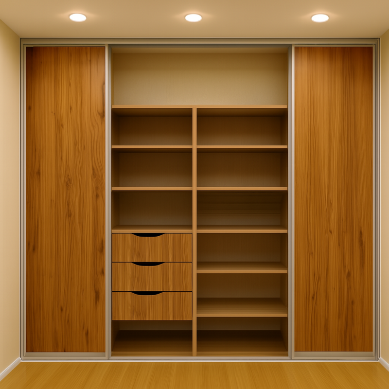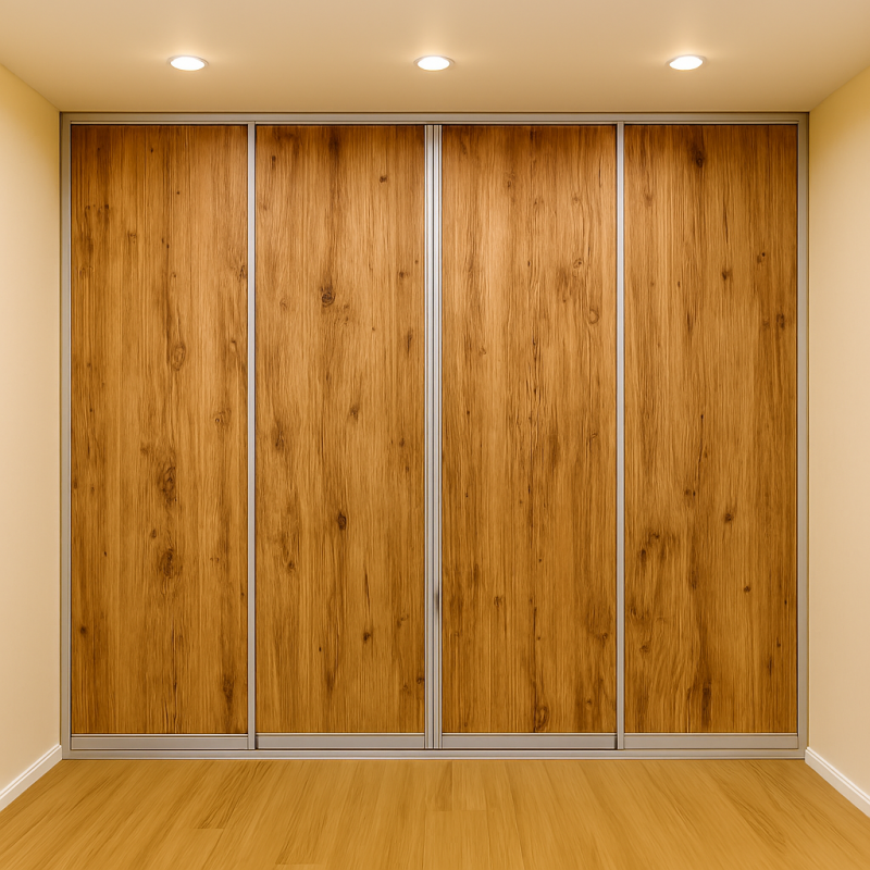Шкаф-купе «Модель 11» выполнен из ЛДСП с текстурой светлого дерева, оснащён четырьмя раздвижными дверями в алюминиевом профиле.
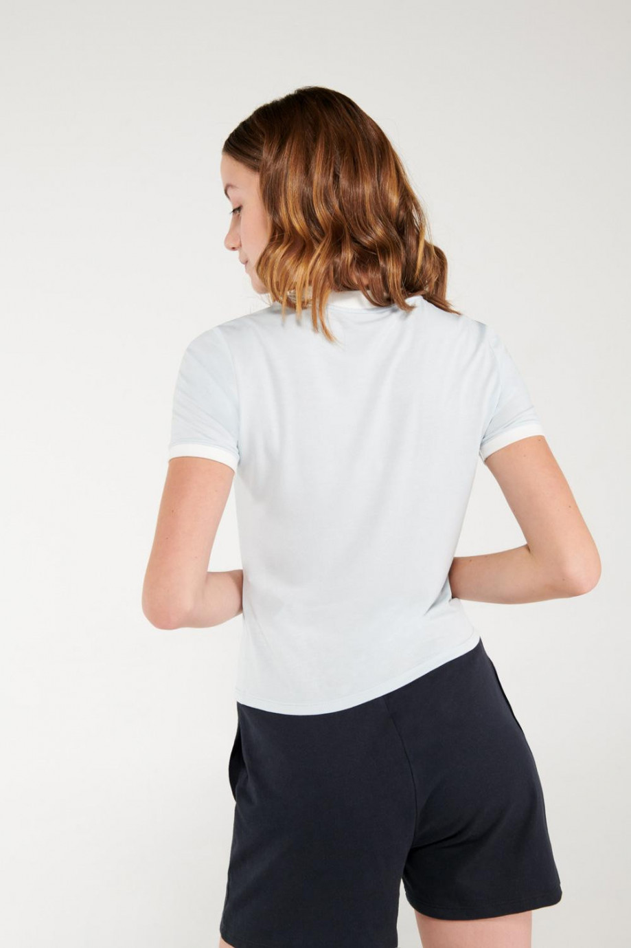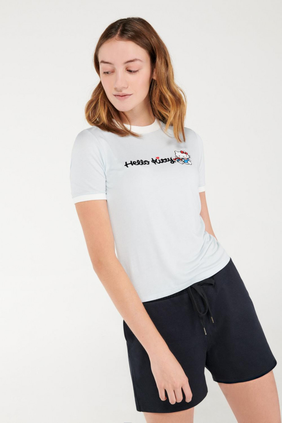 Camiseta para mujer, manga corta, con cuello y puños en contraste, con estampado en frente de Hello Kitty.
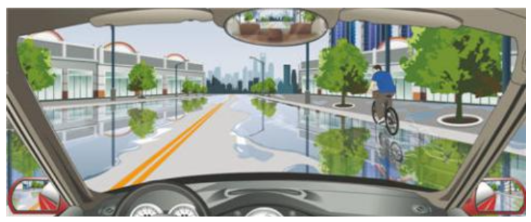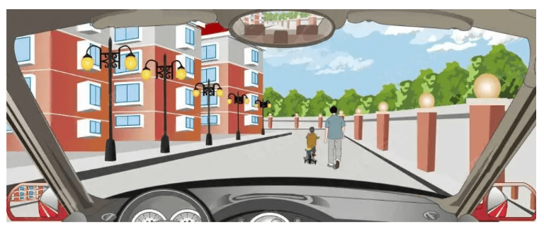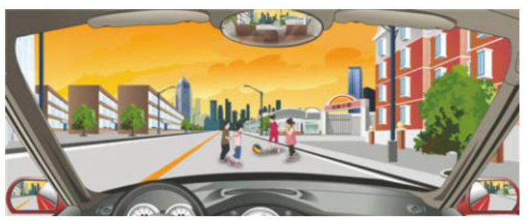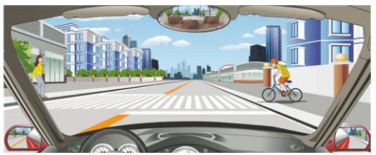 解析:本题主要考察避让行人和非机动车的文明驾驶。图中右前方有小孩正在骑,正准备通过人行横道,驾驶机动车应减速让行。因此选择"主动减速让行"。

------------------------------------------------------------------------

■ **Work instruction**
Hand back every line of the material, exactly, without the pictures.

■ **Answer below**
Шкаф-купе «Модель 11» выполнен из ЛДСП с текстурой светлого дерева, оснащён четырьмя раздвижными дверями в алюминиевом профиле.
 Camiseta para mujer, manga corta, con cuello y puños en contraste, con estampado en frente de Hello Kitty.
 解析:本题主要考察避让行人和非机动车的文明驾驶。图中右前方有小孩正在骑,正准备通过人行横道,驾驶机动车应减速让行。因此选择"主动减速让行"。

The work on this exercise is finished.